**** DATA SUPPLIED ****

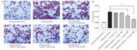 | Fig. 4. Effects of 1a and 8d on differentiation of 3T3-L1 preadipocytes. 3T3-L1 cells were grown in 6-well plates and allowed to reach confluence. Various concentrations of 1a and 8d were added into the medium and incubated for 1 h. Differentiation was induced by changing medium to the inducing medium containing 10% FBS,0.5 mmol/L IBMX, 1 mg/mL insulin,0.3 mmol/L dexamethasone (Dex) and human GRa antagonists (1a or 8d). After two days,the inducing medium were changed to insulin medium and incubated for two more days. At last,cells were cultured in DMEM containing 10% FBS for four days. Following differentiation,(A) cells were stained with Oil Red O and representative images were obtained at 200× original magnification,and (B) triglyceride produced by 3T3-L1 cells was measured,which was normalized by protein content in the cells. *P < 0.05 and **P < 0.01 compared with cells cultured in inducing medium. Data (means ± SEM) are representative of three independent experiments. | |
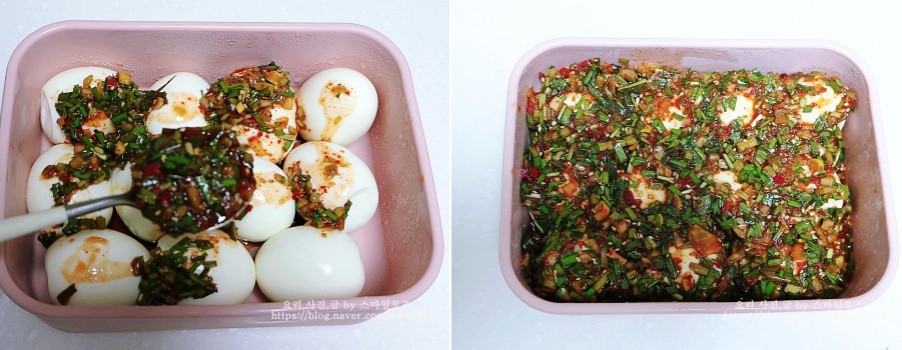계란 위에 부추 양념장을 뿌려주면 계란장 완성입니다
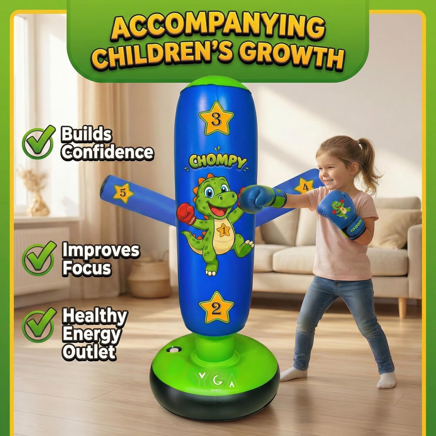 The Perfect Match for Big & Little Siblings Tailored Heights for Every Age Finally, a boxing set that grows with your family. This bundle includes one 48 inch CHOMPY for younger children (ages 3-6) and one 63 inch PUNCHO Ninja for older kids (ages 6-12). No more compromising on size. Ninja vs. Dino Training Whether they want to spar with a Ninja or train with a Dinosaur, this set offers variety that keeps kids engaged. Both bags feature strategic targets to help improve accuracy, speed, and focus. Professional Grade Durability Both bags are engineered from ultra-durable 0.5mm PVC that stands up to the toughest kicks and punches. The extra-wide stable bases ensure the bags stay upright through vigorous training sessions. Physical Play Anywhere Designed for indoor use, these freestanding bags fit easily in bedrooms or playrooms. They are the ideal screen-free solution for active kids who need to release frustration and build confidence. Bonus Training Material Your purchase includes our exclusive digital eBook featuring martial arts drills and fun games, helping your kids get the most out of their new ninja and dino friends.
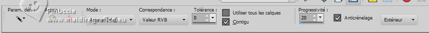 10. Activer l'outil Baguette magique . tolérance 0 et progressivité 20
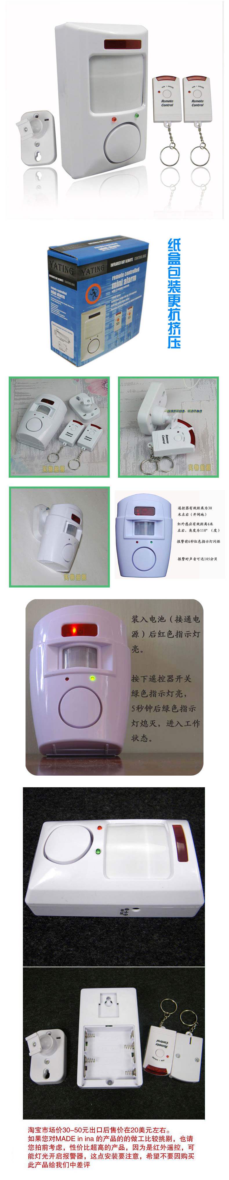 один. Пакет верх Батарея, откройте хост сигнализации с помощью пульта дистанционного управления,зеленый свет Свет около 20 секунд, эти 20 секунд - время задержки для питания,Вы можете уйти за эти 20 секунд красный Район разведки внешней тревоги.
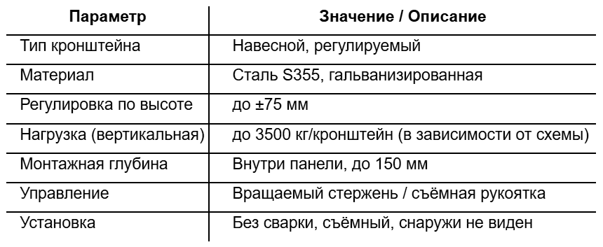 • Обеспечивает регулируемую опору и фиксацию панели или прерамы в проектном положении;
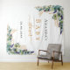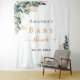 Un fondo blanco chic. Decorado con hojas de eucalipto acuarelas verdes, ramitas, follaje y hojas doradas falsas. Personaliza y añade el nombre de la futura mamá y una fecha. Letras negras y doradas. Se puede utilizar como pancarta de bienvenida para la fiesta de bebé, como decoración de pared o como fondo para cabina de fotos.
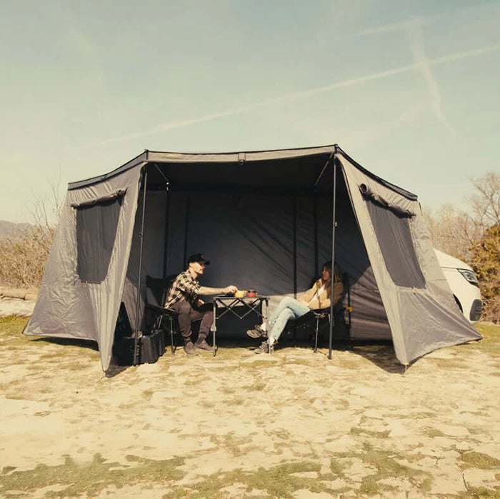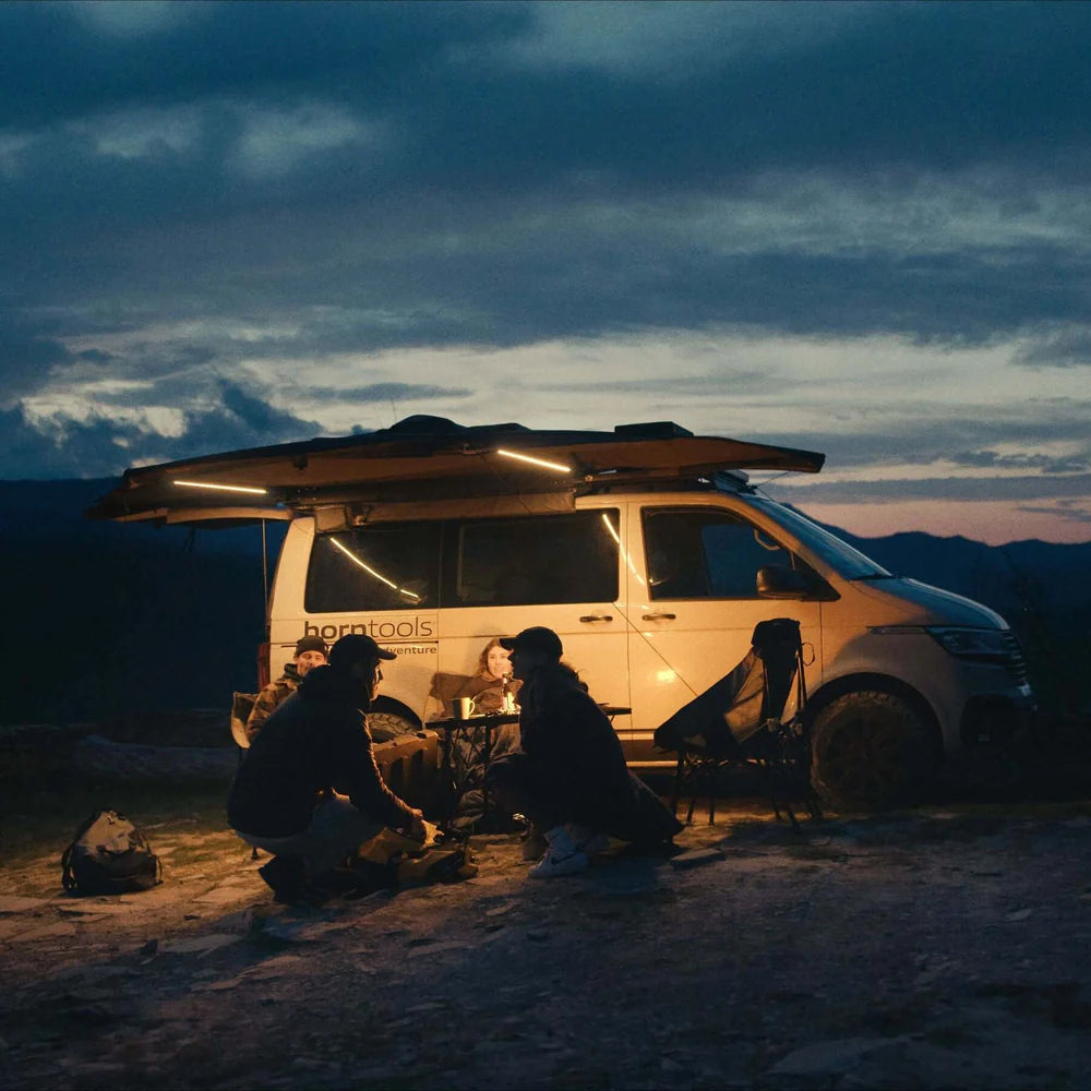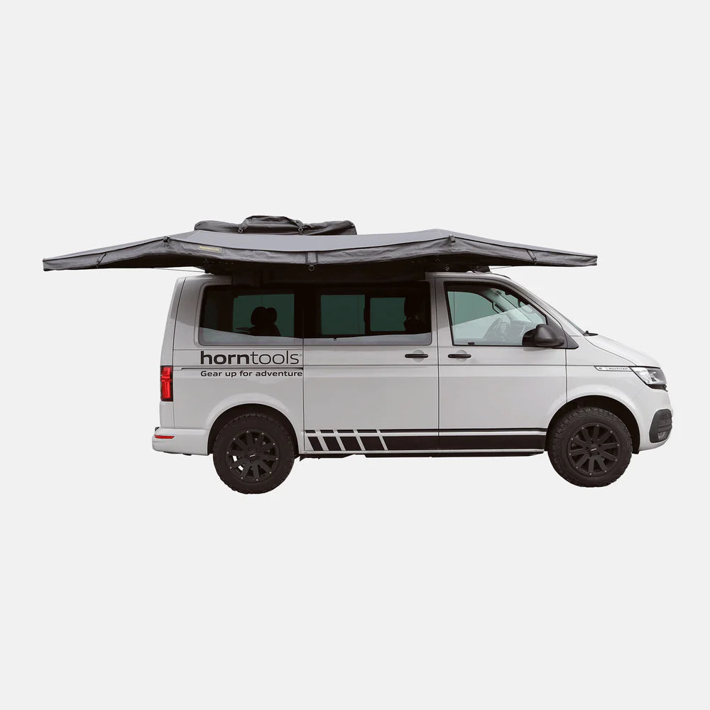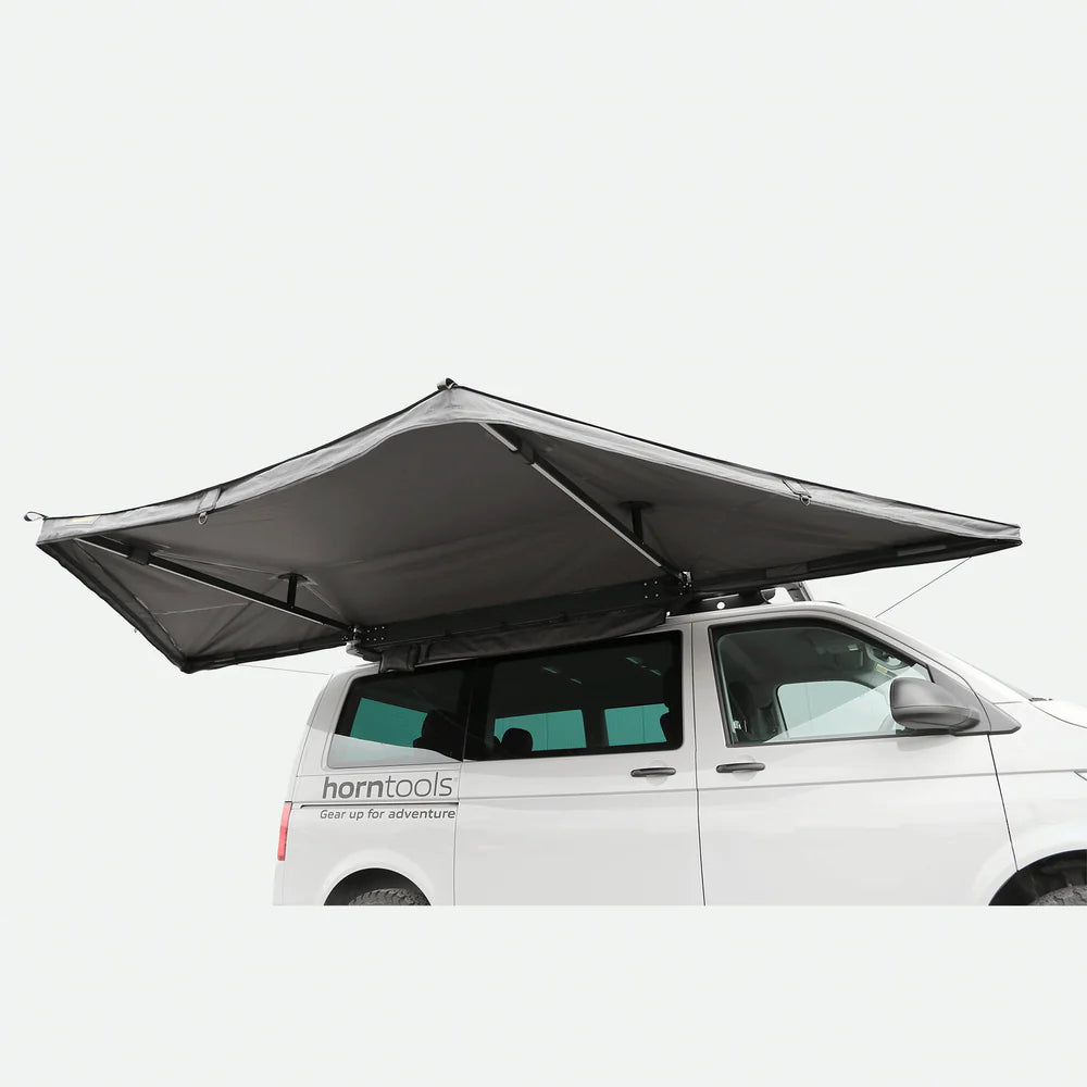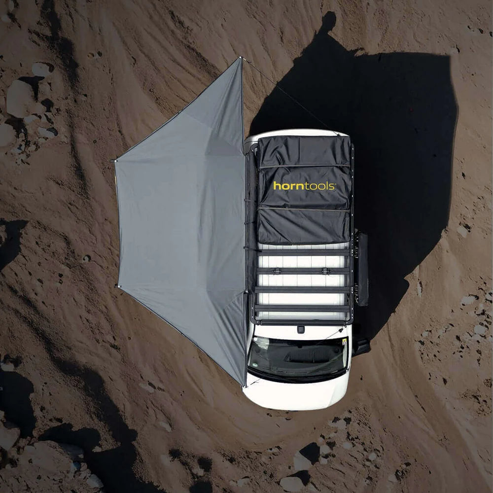Die innovative 180° Markise Horizon von horntools ist eine der leichtesten freitragenden Markisen am Markt und kommt mit einigen spannenden Features, um perfekten Schutz auf deinen Abenteuern zu bieten.
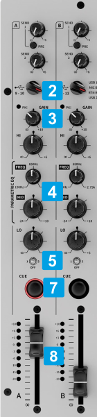 - CUE (PFL) (per channel) Press these buttons to send each channel to the Headphones Output channel. These buttons perform internal/hardware functionality. Even though these buttons send/receive MIDI, itis advised not to assign to a relative VDJ action, as there will be a conflict.
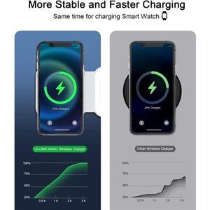 🧿Quick Charge 3 Modes Simultaneously Charge: You can use this UCOMX wireless charger to charge your Apple devices. We have made a breakthrough in the use of upgraded coils, which can increase the power conversion rate by 35 %. The 3 modes of wireless charging station are phone 10W, AirPods 5W and iWatch. A UCOMX integrated wireless charger can replace 3-4 charging devices, which is economical and beautiful. Must be connected to external power supply for use!
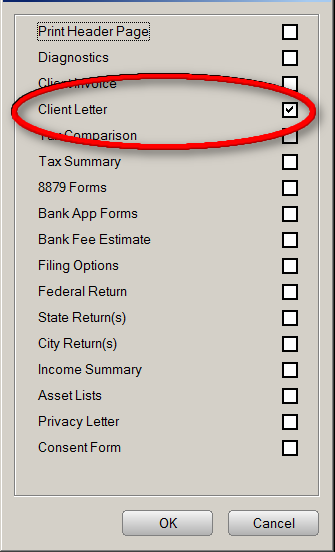 3. Select the Client Letter check box. Verify no other items are selected.

****

TASK DIRECTIONS:
Transcribe exactly the lines that go from the one holding "10. Activer l'outil" through the last line of the entries, both included, and nothing besides them. Do not include any pictures.

SOLUTION:
 10. Activer l'outil Baguette magique . tolérance 0 et progressivité 20
 один. Пакет верх Батарея, откройте хост сигнализации с помощью пульта дистанционного управления,зеленый свет Свет около 20 секунд, эти 20 секунд - время задержки для питания,Вы можете уйти за эти 20 секунд красный Район разведки внешней тревоги.
 • Обеспечивает регулируемую опору и фиксацию панели или прерамы в проектном положении;
 Un fondo blanco chic. Decorado con hojas de eucalipto acuarelas verdes, ramitas, follaje y hojas doradas falsas. Personaliza y añade el nombre de la futura mamá y una fecha. Letras negras y doradas. Se puede utilizar como pancarta de bienvenida para la fiesta de bebé, como decoración de pared o como fondo para cabina de fotos.
Die innovative 180° Markise Horizon von horntools ist eine der leichtesten freitragenden Markisen am Markt und kommt mit einigen spannenden Features, um perfekten Schutz auf deinen Abenteuern zu bieten.
 - CUE (PFL) (per channel) Press these buttons to send each channel to the Headphones Output channel. These buttons perform internal/hardware functionality. Even though these buttons send/receive MIDI, itis advised not to assign to a relative VDJ action, as there will be a conflict.
 🧿Quick Charge 3 Modes Simultaneously Charge: You can use this UCOMX wireless charger to charge your Apple devices. We have made a breakthrough in the use of upgraded coils, which can increase the power conversion rate by 35 %. The 3 modes of wireless charging station are phone 10W, AirPods 5W and iWatch. A UCOMX integrated wireless charger can replace 3-4 charging devices, which is economical and beautiful. Must be connected to external power supply for use!
 3. Select the Client Letter check box. Verify no other items are selected.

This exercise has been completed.